Gamers with Disabilities
Edwin Evans-Thirlwell

Quantum of Solace

The most overlooked benefit of video games is how they give agency to people who lack it. If running all over Hyrule or Ferelden or Tamriel feels empowering to you, imagine how it feels to someone who can’t use their arms or legs. It’s why I play games on planes. I might not have control over whether the plane crashes or not, but I can still lead the Iroquois to be the first empire to reach the information age, or maybe just save a family from aliens if it’s a shorter flight.

Edwin’s brother Euan has down syndrome. He struggles with fine motor control and will never be able to do some of the things that able-bodied Edwin will. But anytime they like, the two can throw down in an evenly matched fight, Euan can rescue Edwin from a horde of zombies, or they can heroically jump through time to save the world. How awesome is it that a young man with down syndrome can heroically save the world? I don’t see Hollywood making that movie, but every day, in homes across our humble, little planet, men and women who are depressed, or face severe disabilities, or cope with trauma, or maybe just had a really, really shitty day get to strap in, save the world, and make a difference.
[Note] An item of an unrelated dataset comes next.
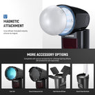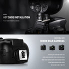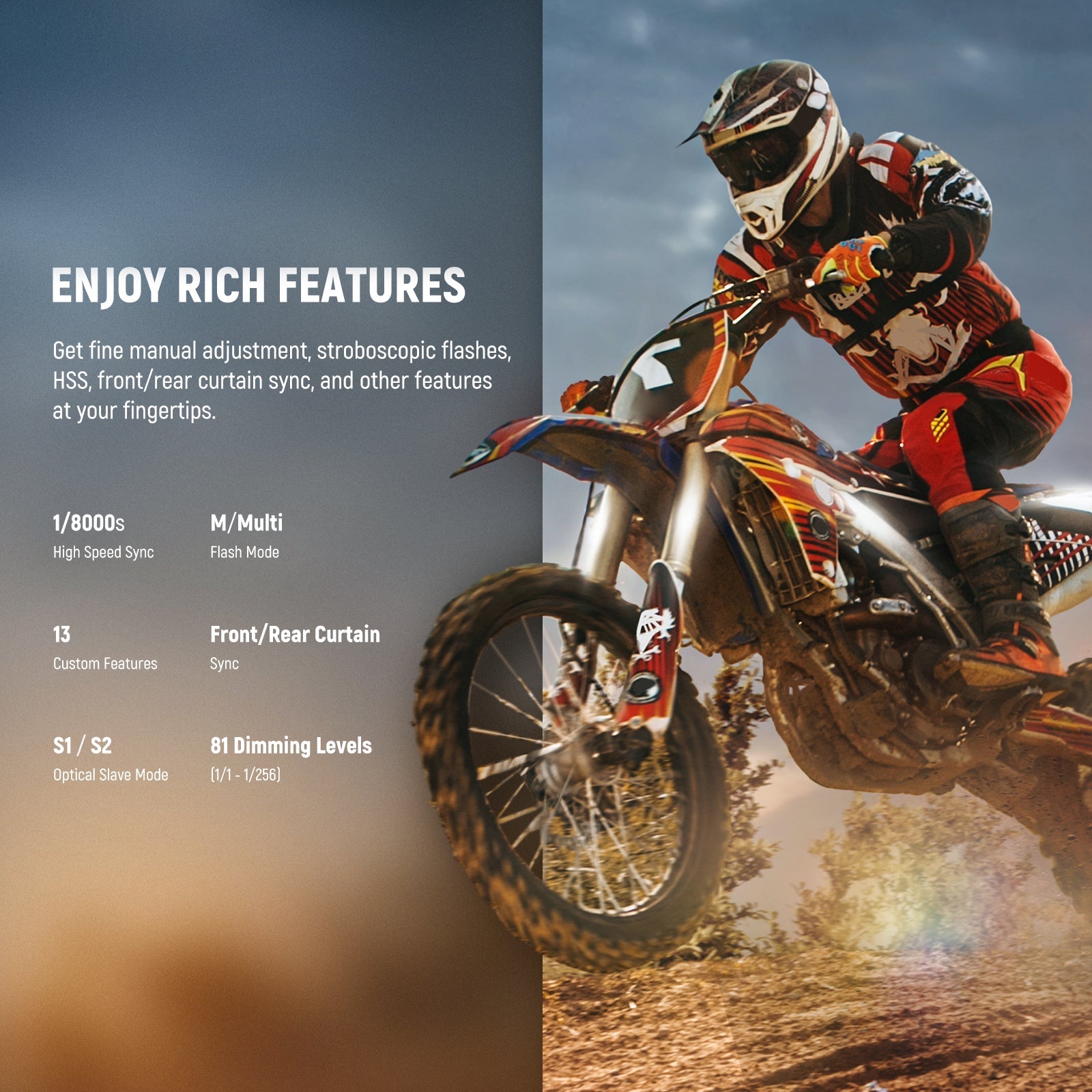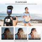 - Rendimiento avanzado : equipado con una potente salida de 76 W, ofrece modos de flash automático TTL, flash manual, flash estroboscópico y esclavo óptico (S1/S2). Con sincronización de alta velocidad de hasta 1/8000s y opciones de sincronización de primera/segunda cortina, proporciona un control preciso sobre la iluminación. Disfrute de funciones adicionales como compensación de exposición con flash (FEC), horquillado de exposición con flash (FEB), bloqueo de exposición con flash (FEL) y más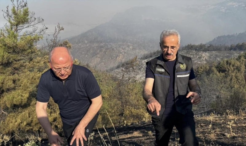 Ulaştırma ve Altyapı Bakanı Abdulkadir Uraloğlu, Yangın Harekat Merkezi'nde, bölgede devam eden çalışmalar ve son durumla ilgili Vali Erol Ayyıldız ve Orman Bölge Müdürü Erdal Şahan'dan son bilgileri aldıktan sonra helikopterle yangın bölgesinde havadan incelemelerde bulundu.

I know it puts a little pep in my step when I land. You want to knock my name off a study I put months into? I wouldn’t have taken this crap ten minutes ago when I was upgrading my armor to prepare for battle. You have a ten thousand dollar suit, a corner table, and you only order top shelf? Big deal. I just saved the universe. If Commander Shepard wouldn’t fall for that laundry list, why should I? What else you got?

Euan may have down syndrome, but it doesn’t mean he’s any different from the rest of us. Everyone lacks agency in some way. Play hero enough and you may learn to act the part.

The Evolution of Final Fantasy
Kevin Kryah

Final Fantasy 7

It might not be the most respected franchise anymore, but Final Fantasy is one of the longest running in video games. There was an era that lasted several games in which it told emotionally complex stories and could do no wrong. Many games (and movies and books) struggle to do that just the one time. The Artifice recounts the history of Final Fantasy and analyzes the evolution of the series’ storytelling practices.

The Evolution of BioShock
Simon Parkin

BioShock

Gabe told me about this article: the games industry is still very young. This talks about the crazy path Irrational Games took in developing BioShock. The company itself ran as if they learned management straight out of The Office, firing employees on their first day for practical jokes and overhauling the entire development because of a single focus group. It’s fascinating because it took the newer employees who thought video games could be something more, the company could work in a different way, and the game could make a tougher social statement to pull the career developers out of a design that would have been redundant to everything else coming out at the time. Instead, they came up with something that changed the industry.

“Johnny Express”

And finally a short movie, because there need to be more rad movies about astronauts accidentally destroying entire cultures now that Futurama is off the air.